The student loan bubble is on the cusp of bursting. Student loan debt is currently the biggest consumer debt item in the United States today as it has surpassed the $1 trillion threshold.
Although automobile loans and credit card debt are ascending again, even years after the Great Recession that left millions of U.S. households financially paralyzed, the one figure that is concerning many analysts is the $1.16 trillion student debt level, a number that rose by $31 billion in the fourth quarter of 2014.
The only other type of debt that is higher than student loan debt is mortgage debt, which presently stands at $8.17 trillion and rose by $39 billion in the final three months of last year.
On top of this student loan debt statistic, graduates are having a difficult time paying it off.
A new report from the Federal Reserve Bank of New York (FRBNY) suggests that the delinquency rate – a loan that is past due by 90 days or more – for student loans stands at 11.3 percent, which is also the highest delinquency rate for all forms of debt. As the delinquency rate falls for credit cards and other consumer debt types, the student debt criteria continues to climb dramatically.
“Although we’ve seen an overall improvement in delinquency rates since the Great Recession, the increasing trend in student loan balances and delinquencies is concerning,” said Donghoon Lee, research officer at the Federal Reserve Bank of New York, in the report. “Student loan delinquencies and repayment problems appear to be reducing borrowers’ ability to form their own households.”
In the last decade alone, student loan debt has skyrocketed from around $260 billion to more than $1 trillion. When compared to credit card debt over the last 10 years, it’s rather minuscule; credit card debt has only gone up from $690 billion in 2004 to $700 billion in 2014.

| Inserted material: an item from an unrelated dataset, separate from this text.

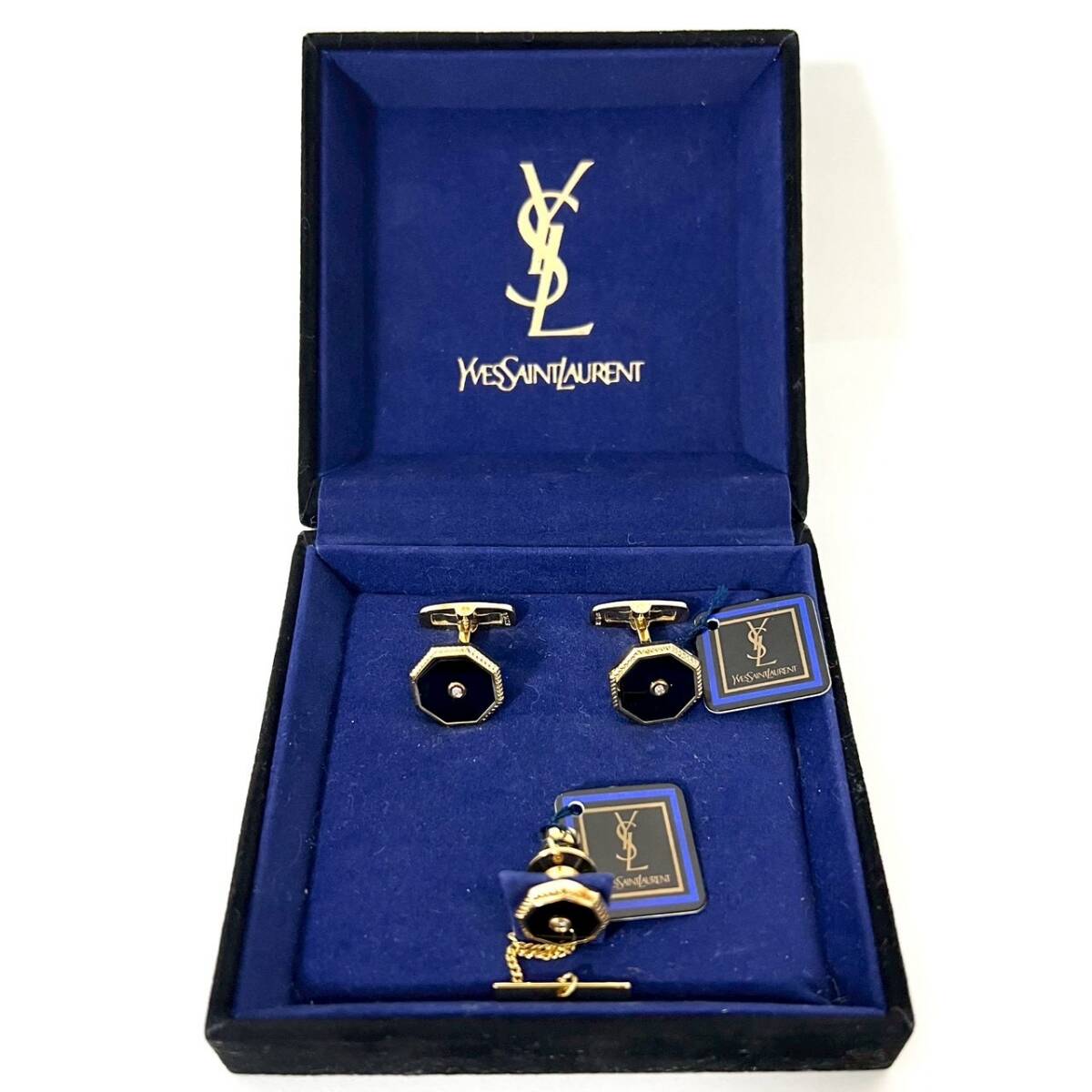 SD2519 YVES SAINT LAURENT イヴサンローラン 1Pダイヤ カフス カフリンクス カフスボタン タイピン タイタック ラペルピン SV925 ゴールド
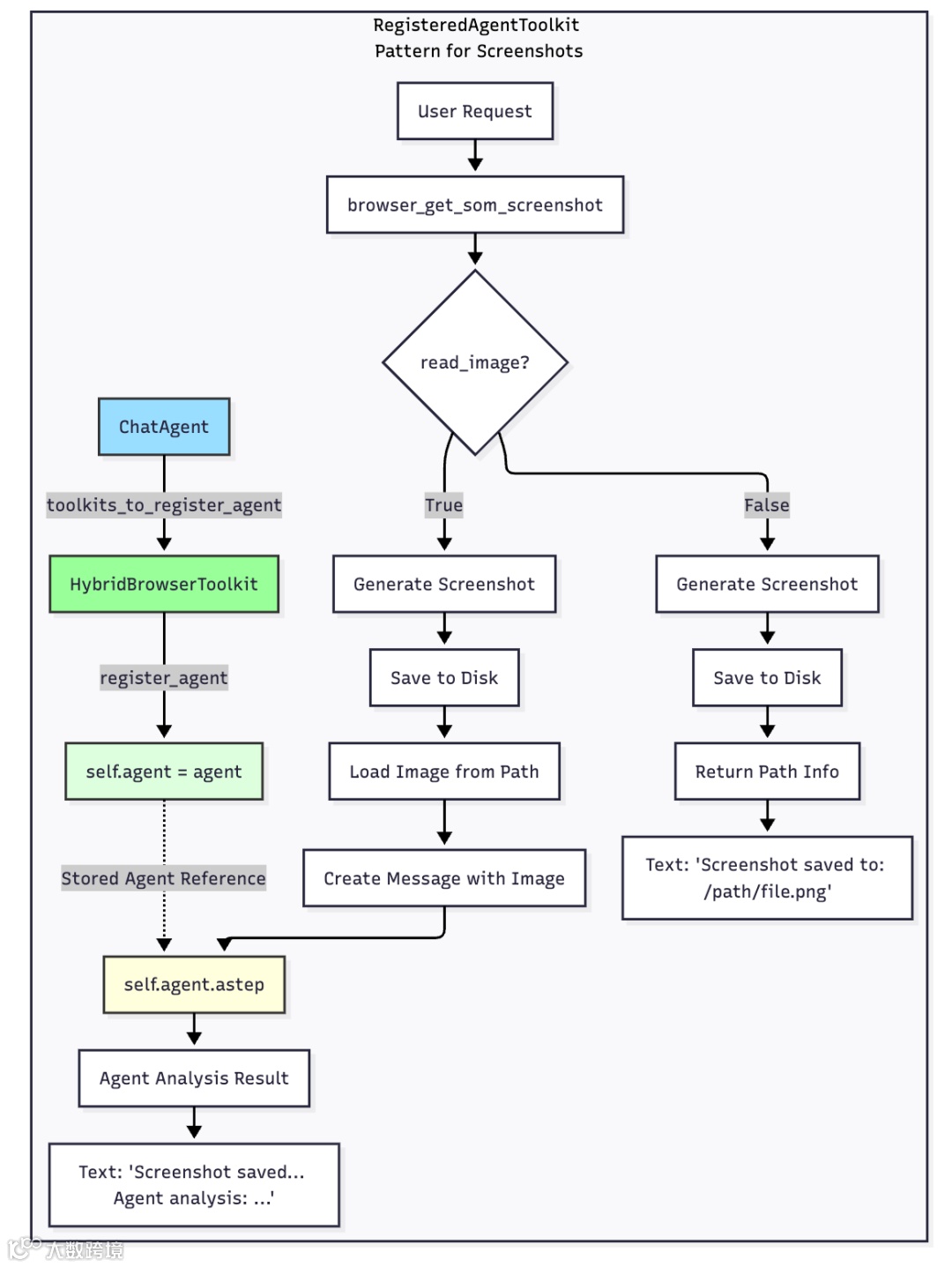 这个优化需要与 CAMEL 的 AI 智能体注册机制相配合。通过 RegisteredAgentToolkit基类,我们允许工具包(Toolkit)访问注册了它的 AI 智能体实例。具体来说,当 browser_get_som_screenshot被调用时,如果检测到已注册的 AI 智能体,它会自动调用该智能体的 astep()方法,并传入一个包含图片路径的 Message对象。AI 智能体内部再使用 PIL 加载图片,并将其传递给多模态 LLM 进行分析。

What is interesting is the fact that Lee has previously warned about the dangers of student loan debt and their delinquency rates. As we reported in 2013, he wrote: “Student loan debt is the only kind of household debt that continued to rise during the Great Recession and has now the second-largest balance after mortgage debt.”
Experts are also warning that millennials are at deep financial risk because they can’t accumulate assets nor can they purchase a house. This exponential debt is placing graduates behind the eight ball, and with an erratic labor market it seems very difficult for them to get out in front.